Other organisational implications of the new legislation law are wrapped around working in accord with the Organisation for Economic Co-operation and Development (OECD). The law's compliance to the rules set down by the OECD was integral to its development, Jursa said, although he downplayed Slovakia's co-operation with the organisation itself.
"The OECD has a specific declaration for investment dealing with incentives, where a member country may ask for consultation in the case that a specific incentive in the area of foreign investment may cause an inconvenience for [other] member countries. But, primarily, we are not obliged to go to the OECD to decide or discuss any policy measures," he said, adding that the OECD's role is mainly that of being an arbitrator that decides whether incentives would cause any particular problems for other member countries.
One part of the whole
Although all involved agree the new law is a step in the right direction, the general sentiment remained that this was only a part of improving the business environment in Slovakia, which would be the ultimate factor in furthering investment.
Blahová mentioned such determinants as social insurance contributions, taxation of employees, value added tax, the image of a country and political and economic stability as just a few of the factors that worked into the whole equation for investors. There are still overly-stringent conditions in other areas, she said, such as in deductions for assets.
Haberová agreed, stating that SARIO played a minor role in the grand scheme. "In order to significantly increase foreign investment into Slovakia, we need to adopt a new environment for the investors, new incentives. The institution of SARIO is only one part of the whole.

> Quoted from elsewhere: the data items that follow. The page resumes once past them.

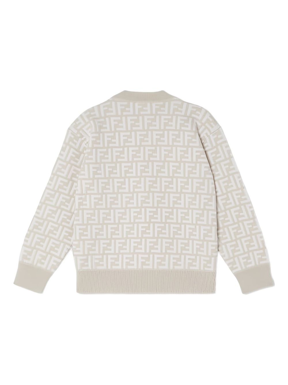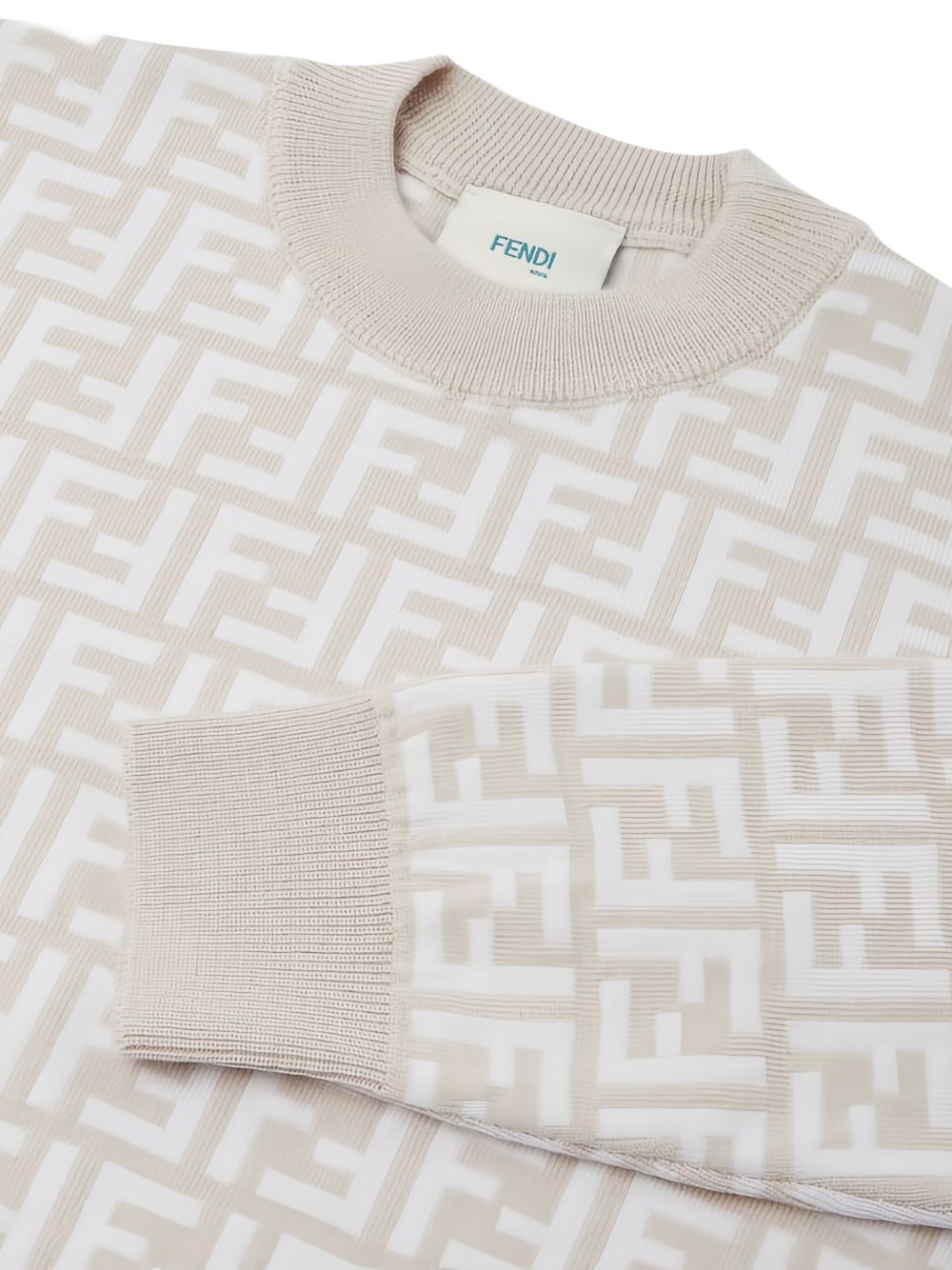 modello con logo in cotone beige, scollo rotondo, maniche lunghe, polsini e orlo a coste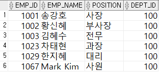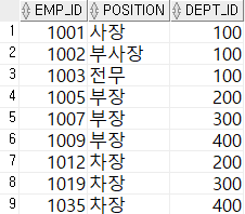 - 100번 부서에서 근무하는 사원에 대한 사번, 이름, 직급, 부서번호를 나열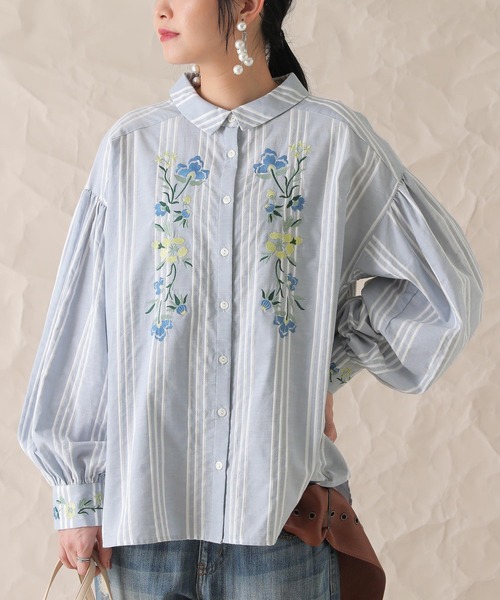 『上品な華やかさを纏う。』 ここにしかない花柄刺繍を施した、大人女子に似合うシャツブラウス♪ 肌触りの良いスラブ生地のコットン素材で、風合い漂うお洒落な印象に。身頃とカフスに施した、甘すぎないくすみ系カラーの花柄刺繍が繊細な上品さを感じさせてくれます。 たっぷりのギャザーで生み出した、ボリューム感のある袖のシルエットは、女性らしさ抜群。 特別感を醸し出す≪somari imagination≫花柄刺繍ボリューム袖シャツブラウスです。 【素材について】 パターン① 本体:(ホワイト)レーヨン52% コットン48% (サックスブルー)コットン100% 刺繍:ポリエステル100% パターン② 本体:(ホワイト、サックスブルー)コットン100% 刺繍:ポリエステル100% ※生産時期により➀➁のように混率が異なります。 素材はお選びいただけませんので、予めご了承ください。

We have to solve this problem with a complex strategy and creating this agency is only a small part of this."
Last month Austrian investors stressed that the stability of the business environment was paramount to attracting foreign investment - something that dented the hopes of the government that its much-vaunted tax incentives scheme was not the high priority for potential investors it had believed.
Jaroslav Ružička, president of the Austrian-Slovak Chamber of Commerce, told the Slovak Spectator at the time: "Many companies see the paradise of tax holidays and the like, but they forget that the tax holiday is only one of many factors in the whole business environment attracting foreign investors."